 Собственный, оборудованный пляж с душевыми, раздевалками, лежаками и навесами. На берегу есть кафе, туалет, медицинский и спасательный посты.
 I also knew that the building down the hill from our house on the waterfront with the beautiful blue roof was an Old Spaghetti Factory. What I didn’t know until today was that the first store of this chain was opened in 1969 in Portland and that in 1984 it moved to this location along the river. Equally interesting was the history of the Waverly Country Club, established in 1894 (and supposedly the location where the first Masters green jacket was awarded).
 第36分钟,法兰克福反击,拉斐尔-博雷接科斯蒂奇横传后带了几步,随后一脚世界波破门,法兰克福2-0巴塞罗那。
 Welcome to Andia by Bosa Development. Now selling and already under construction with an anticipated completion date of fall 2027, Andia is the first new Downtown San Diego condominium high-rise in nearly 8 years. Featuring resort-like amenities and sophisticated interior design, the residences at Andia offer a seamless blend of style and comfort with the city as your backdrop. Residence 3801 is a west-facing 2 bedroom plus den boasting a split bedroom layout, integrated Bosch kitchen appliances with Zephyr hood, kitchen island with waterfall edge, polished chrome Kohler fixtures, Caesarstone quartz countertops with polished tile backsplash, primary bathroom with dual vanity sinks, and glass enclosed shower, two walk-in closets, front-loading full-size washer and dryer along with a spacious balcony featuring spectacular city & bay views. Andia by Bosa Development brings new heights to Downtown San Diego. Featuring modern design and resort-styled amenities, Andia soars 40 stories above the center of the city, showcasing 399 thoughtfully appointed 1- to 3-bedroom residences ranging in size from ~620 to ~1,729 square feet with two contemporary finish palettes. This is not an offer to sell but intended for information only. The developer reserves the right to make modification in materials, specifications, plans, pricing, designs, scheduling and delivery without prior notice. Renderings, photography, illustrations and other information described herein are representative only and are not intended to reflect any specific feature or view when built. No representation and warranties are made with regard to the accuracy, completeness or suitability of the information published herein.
________
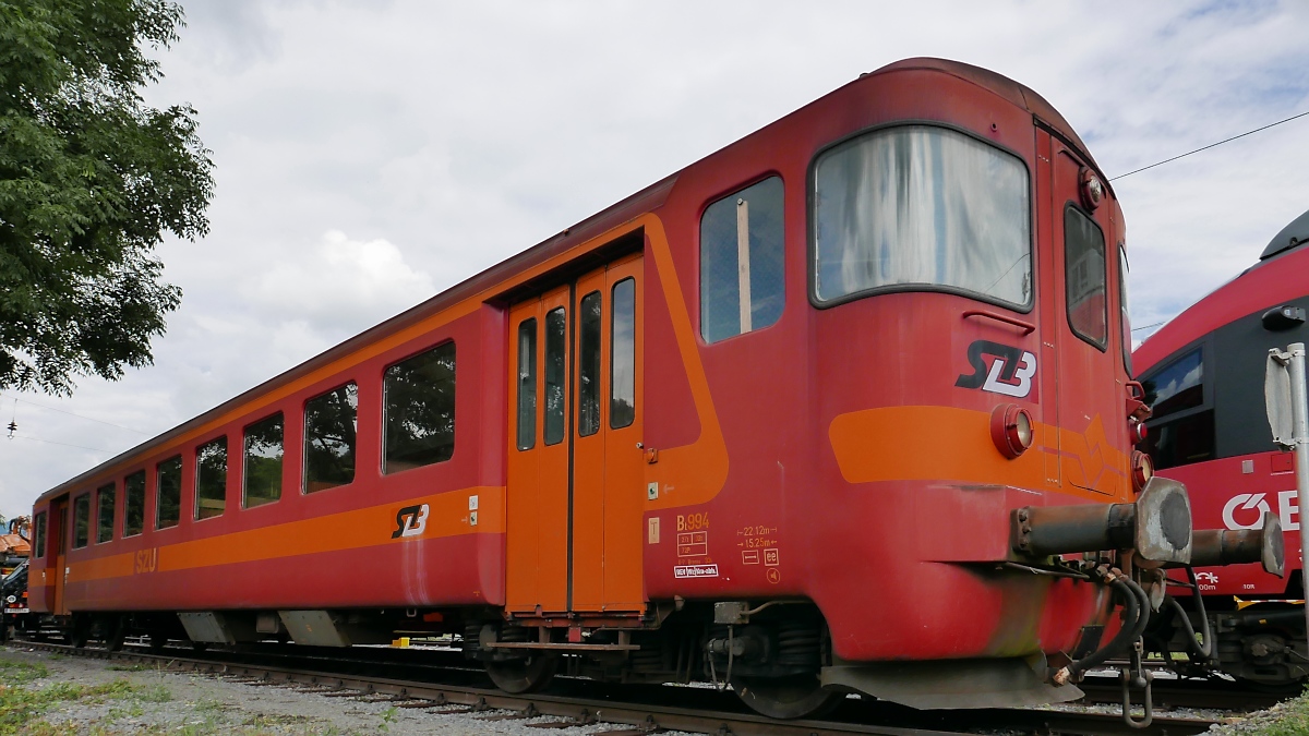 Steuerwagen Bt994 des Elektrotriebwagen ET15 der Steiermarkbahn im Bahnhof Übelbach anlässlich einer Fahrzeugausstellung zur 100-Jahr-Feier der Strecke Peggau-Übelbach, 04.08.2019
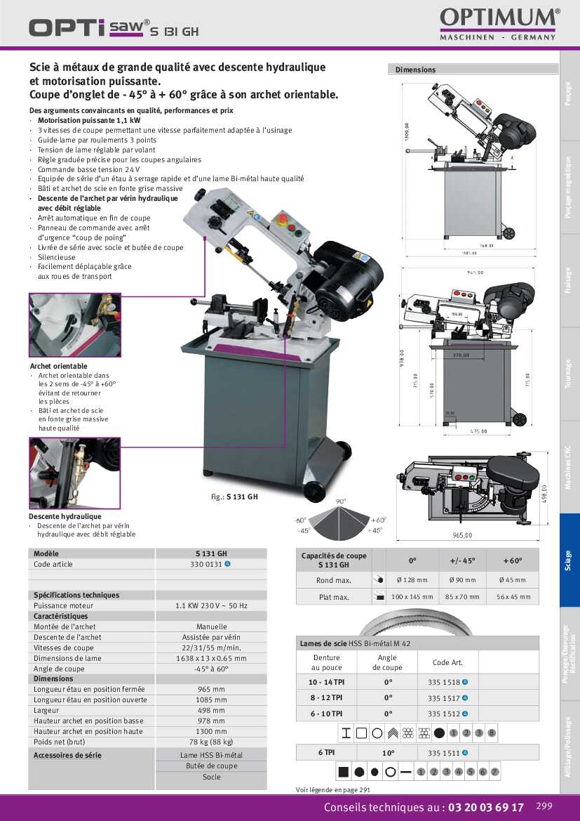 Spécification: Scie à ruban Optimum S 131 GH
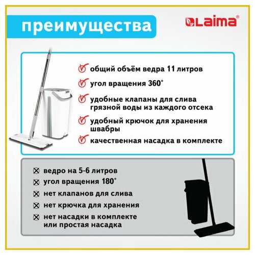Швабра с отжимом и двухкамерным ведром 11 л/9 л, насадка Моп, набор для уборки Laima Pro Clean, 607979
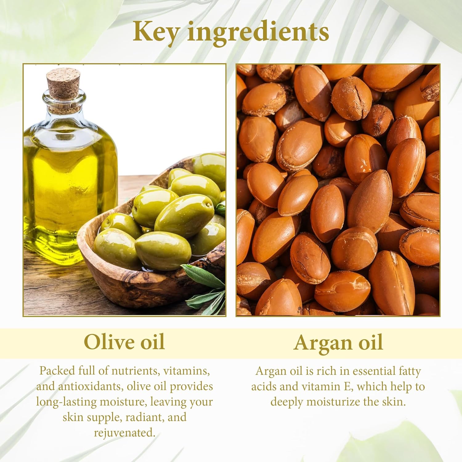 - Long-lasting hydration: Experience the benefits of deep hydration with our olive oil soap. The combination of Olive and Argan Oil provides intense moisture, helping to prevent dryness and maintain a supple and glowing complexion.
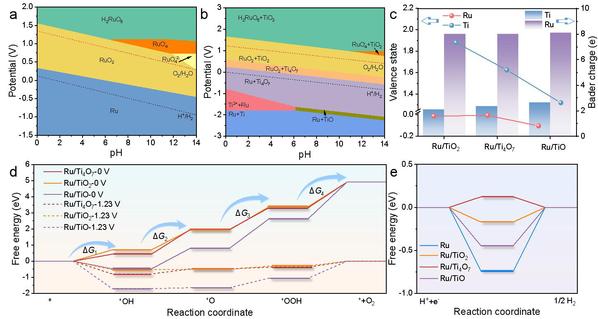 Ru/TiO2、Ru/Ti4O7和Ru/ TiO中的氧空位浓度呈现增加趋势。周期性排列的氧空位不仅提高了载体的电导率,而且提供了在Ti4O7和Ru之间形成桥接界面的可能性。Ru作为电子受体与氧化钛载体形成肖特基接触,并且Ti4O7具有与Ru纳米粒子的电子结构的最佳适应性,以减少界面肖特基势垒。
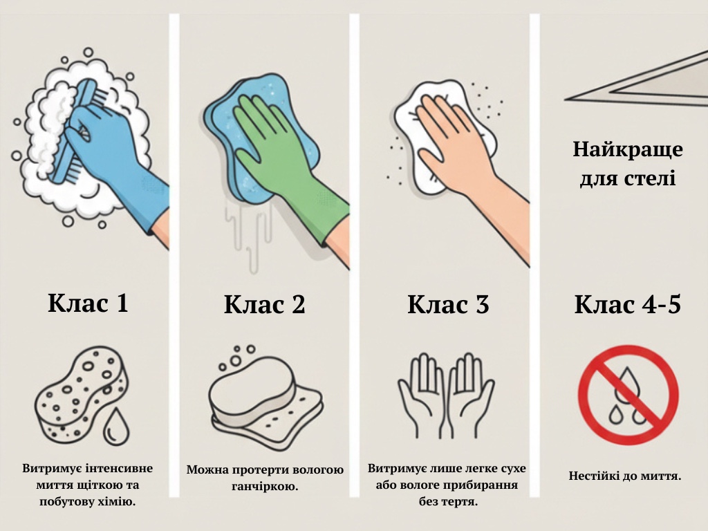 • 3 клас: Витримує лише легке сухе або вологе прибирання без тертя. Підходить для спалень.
________
To do
Although pictures appear among the records above, none are to be output; print exactly the lines from the line containing "Швабра с отжимом" through the line containing "- Long-lasting hydration: Experience".

Response to this task
Швабра с отжимом и двухкамерным ведром 11 л/9 л, насадка Моп, набор для уборки Laima Pro Clean, 607979
 - Long-lasting hydration: Experience the benefits of deep hydration with our olive oil soap. The combination of Olive and Argan Oil provides intense moisture, helping to prevent dryness and maintain a supple and glowing complexion.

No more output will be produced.